Thank you TomM, it's really a great feeling to find them in the wild indeed 

Thanks Joe, I waited several years for this trip to become real...and I can't believe finally happened! A trip I will never forget, feelings that I'll never forget either.

Yes Eddy, possible it's easier for you Suriname...as it's easier for me Brazil or Peru even cheaper. Also, FG is very expensive even to europeans sometimes. The problem with my country is that we have a really high inflation rate, one of the highest of the world along with Venezuela...

Thanks Travis, I try my best. Hopefully this year I will really learn photography taking a course and I can improve my pics.

Maarten, same as Eddy, it's best Suriname for you possibly...I got what you said about how expensive is to get there for you. The thing is, that there's no place like the Guianas...animals that are found only there, geography, plants, etc. That's why I wanted to go so badly. Before planning, I was thinking going to Guyana, since the transport was cheaper...I had to get to Manaos and then I could go by land to Guyana...possibly a next trip could be like that. But I was always gutted with FG anyway, so it was time to do that! ...and now I want to go back there!!! lol

I hope the tourism don't grow much in FG, I would hate to see lots of people going there and expensive luxury Hotels going on ......

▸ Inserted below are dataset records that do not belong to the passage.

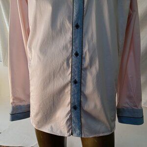 7 Downie St. Button Up Shirt Men's Sz 6 Flip Cuff Blue Long Sleeve London Pink
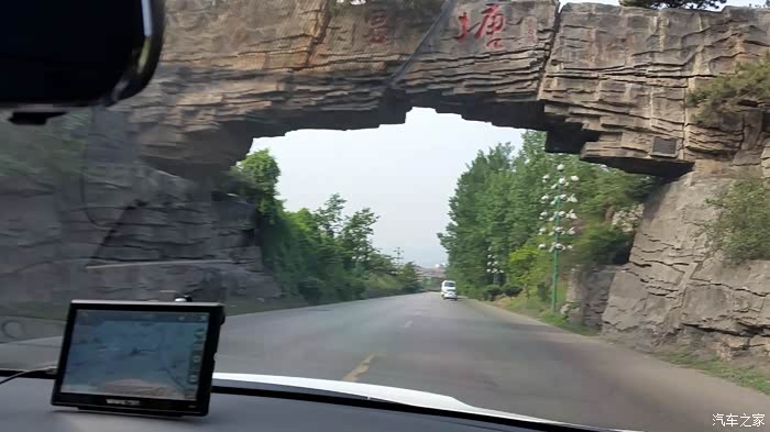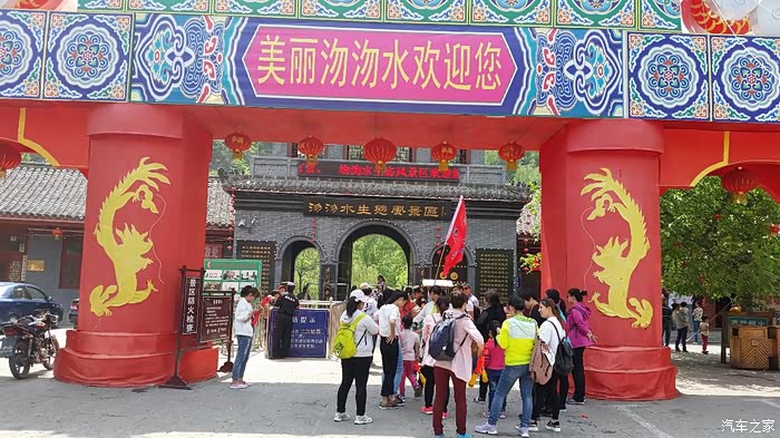 出了“温塘”收费站,沿着当前道路一直走下去,拐一个弯就看见了温塘的标志“温塘石拱门”。门上写着“温塘”二个红漆大字。
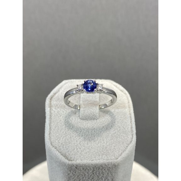 Fehérarany zafír gyűrű gyémántokkal

After this trip, I'm seriously thinking about living in FG for a while after I graduate (many years from now lol)

Cheers,
Pato


----------



## hooale (Feb 17, 2011)

Awesome pics, thanks for sharing.
you have been traveling a lot lately, is FG among your favorite destinations?


----------



## Versi*JP*Color (Feb 17, 2011)

*Whoa*

Lucky, it's not every day you find baby T.blondis with their mother!:worship:


----------



## tarcan (Feb 17, 2011)

the downside of Suriname compared to FG is that the nice unspoiled habitats are not as easy of access. In FG, from the airport, you are like 20 minutes away from the Kaw mountains! You can't beat that.

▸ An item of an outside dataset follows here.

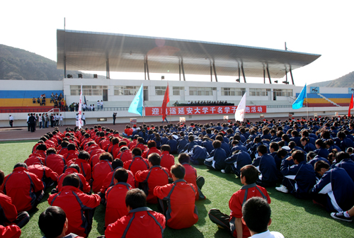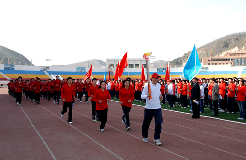 高延龙副书记在讲话中希望同学们以奥运为契机,树立“健康第一”的观念,“走进操场、走进大自然、走到阳光下”,养成自主锻炼习惯,掌握科学锻炼的知识和方法,保持良好的作息规律,自觉坚持长跑,积极投身体育锻炼,形成“人人参与、快乐锻炼、健康成长”的良好态势,以实际行动迎接2008年北京奥运会的到来。政法学院陈浩民作为学生代表发了言。随后,高延龙副书记将“祥云火炬”授予了第一棒火炬手——体育学院的刘文超同学,胡俊生副校长随即宣布迎奥运——延安大学万名学子长跑活动开始。在各学院火炬手的带领下,13个学院的1300名学生以学院为单位,依次绕田径场跑两周。
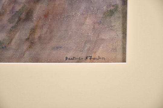 20th century, Figures conversing by a boat moored at a quay, watercolour, signed 'Beatrice Fowler', 21" x 14".

Although, culturally speaking, Suriname is way more fun than FG.

Also got to go to Guyana eventually!

Hey Pato, enough taking, where are your other pics!

Take care

Martin


----------



## MaartenSFS (Feb 18, 2011)

pato_chacoana said:


> Thank you TomM, it's really a great feeling to find them in the wild indeed
> 
> Thanks Joe, I waited several years for this trip to become real...and I can't believe finally happened! A trip I will never forget, feelings that I'll never forget either.
> 
> ...


Honestly, I'll probably never make it down there, as I'm heading back to China soon and having our first child (well, my wife..). I'd probably get to Vietnam and Laos sooner. Hell, China has Hainan island and Yunnan province (the most northern point to find tropical rainforest) and I've only scratched the surface in my own province, Guangxi.

I hear Guyana is the least pristine of the three. I thought that a considerable portion of Suriname was protected national parks and just the coast had any real population. I know you want it to stay like that forever in FG, but undeveloped places changed the quickest. You may not recognise the country the next to you go there. Or it may take longer, but when the change occurs it happens rapidly. :wall:


----------



## syndicate (Feb 19, 2011)

Already saw most of these on facebook but man once again :worship:
So jealous!!Absolutely have to go see some spiders in the wild this year!
-Chris


----------